Mi esposa Nedrien se acercaba a mi despacho, su dulce aroma me regresaba a la realidad y solo aumentaba mi amor por ella, corrí a la puerta y la abracé como si no existiera otra oportunidad:
NEDRIEN: ¡Hasam, suéltate!¡no encuentro a nuestra hija y ya es tarde!
HASAM: Los monarcas nunca llegan tarde, son los súbditos los que se adelantan.
NEDRIEN:¡¡ESCUCHAME, CYDRIS NO ESTA, NO SE DONDE SE METIÓ!!
La preocupación de mi esposa invadía todo nuestro vínculo, pero yo sabía exactamente donde encontrar a mi cachorra, sin más tardanza y de mala gana solté a mi compañera y fui en busca de mi hija, no tarde mucho para encontrarla, sabía que estaba sentada en aquel viejo árbol que había sido testigo de muchos momentos importantes para mí.
HASAM:Algo me decía que te encontraría aquí, ¿Qué haces hija?.
Mi hermosa jovencita volteo a verme con esos ojos color esmeralda, llenos de temor y preocupación, sabía que pasaba por su mente, era lo mismo que paso en la mía.
CYDRIS: Nada padre, solo estaba... quería... estar sola para pensar.
HASAM: Tienes miedo, ¿Verdad?.
CYDRIS: Si, mucho, yo no siento que...
HASAM: Acompáñame.
Sabía que era hora de que supiera aquella historia que me inspiró a entender que la vida es valiosa y un reino no es nuestro, es de todos, que como gobernante tengo que defender mi territorio y a mi gente, entramos al despacho y saque un viejo diario que guardaba con mucho cariño. Cuidadosamente lo puse frente a ella, esperando que entendiera lo que quería decirle.

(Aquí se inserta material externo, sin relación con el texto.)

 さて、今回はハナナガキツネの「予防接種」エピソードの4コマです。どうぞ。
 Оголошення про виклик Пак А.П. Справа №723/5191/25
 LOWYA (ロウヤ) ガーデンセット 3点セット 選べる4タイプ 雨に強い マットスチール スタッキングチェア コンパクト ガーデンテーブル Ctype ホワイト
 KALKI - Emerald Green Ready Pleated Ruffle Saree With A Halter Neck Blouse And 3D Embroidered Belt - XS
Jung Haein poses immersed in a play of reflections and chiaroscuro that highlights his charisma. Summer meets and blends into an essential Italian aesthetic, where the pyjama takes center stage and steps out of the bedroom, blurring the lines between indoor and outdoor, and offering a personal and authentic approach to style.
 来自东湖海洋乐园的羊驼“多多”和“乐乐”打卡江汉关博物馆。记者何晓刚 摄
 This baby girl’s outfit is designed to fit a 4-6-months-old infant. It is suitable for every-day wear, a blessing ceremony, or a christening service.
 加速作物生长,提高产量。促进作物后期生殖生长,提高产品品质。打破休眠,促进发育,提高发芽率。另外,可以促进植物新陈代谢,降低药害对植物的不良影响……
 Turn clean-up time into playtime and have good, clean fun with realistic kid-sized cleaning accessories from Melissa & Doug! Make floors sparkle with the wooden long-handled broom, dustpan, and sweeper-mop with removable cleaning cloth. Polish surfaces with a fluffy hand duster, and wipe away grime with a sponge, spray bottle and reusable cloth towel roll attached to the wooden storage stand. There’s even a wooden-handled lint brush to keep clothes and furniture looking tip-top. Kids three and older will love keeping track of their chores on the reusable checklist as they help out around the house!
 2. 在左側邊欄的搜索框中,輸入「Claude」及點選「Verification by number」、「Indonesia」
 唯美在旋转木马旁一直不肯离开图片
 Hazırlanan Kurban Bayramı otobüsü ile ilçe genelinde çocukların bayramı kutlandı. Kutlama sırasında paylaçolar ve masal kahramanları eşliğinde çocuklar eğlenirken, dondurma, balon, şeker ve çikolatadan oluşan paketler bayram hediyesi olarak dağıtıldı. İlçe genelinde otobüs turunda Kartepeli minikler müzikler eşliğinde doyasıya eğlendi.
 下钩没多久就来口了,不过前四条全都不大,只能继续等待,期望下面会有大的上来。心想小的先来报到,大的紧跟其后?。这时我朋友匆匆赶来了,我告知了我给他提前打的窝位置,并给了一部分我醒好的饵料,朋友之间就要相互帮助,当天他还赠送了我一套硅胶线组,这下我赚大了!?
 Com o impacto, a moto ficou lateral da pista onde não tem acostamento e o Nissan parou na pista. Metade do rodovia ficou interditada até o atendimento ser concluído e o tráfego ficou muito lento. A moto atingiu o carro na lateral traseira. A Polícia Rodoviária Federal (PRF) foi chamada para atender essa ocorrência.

CYDRIS: ¿Qué es esto padre?
HASAM: ES el diario de la primera Reina de Nordurm, y quiero que lo leas hija, nadie nace sabiendo ser rey o reina, depende de nosotros dar ese paso y entender que nunca estaremos solos.
Al decir eso ella exclamo: entonces...¿Quién es ella?.
HASAM: ¿Por qué no lo averiguas por ti misma?.
Las manos de mi hija pasaron por aquel libro que contenía la historia más fantástica que ella hubiera podido leer
CYDRIS: Bueno... no hagamos esperar.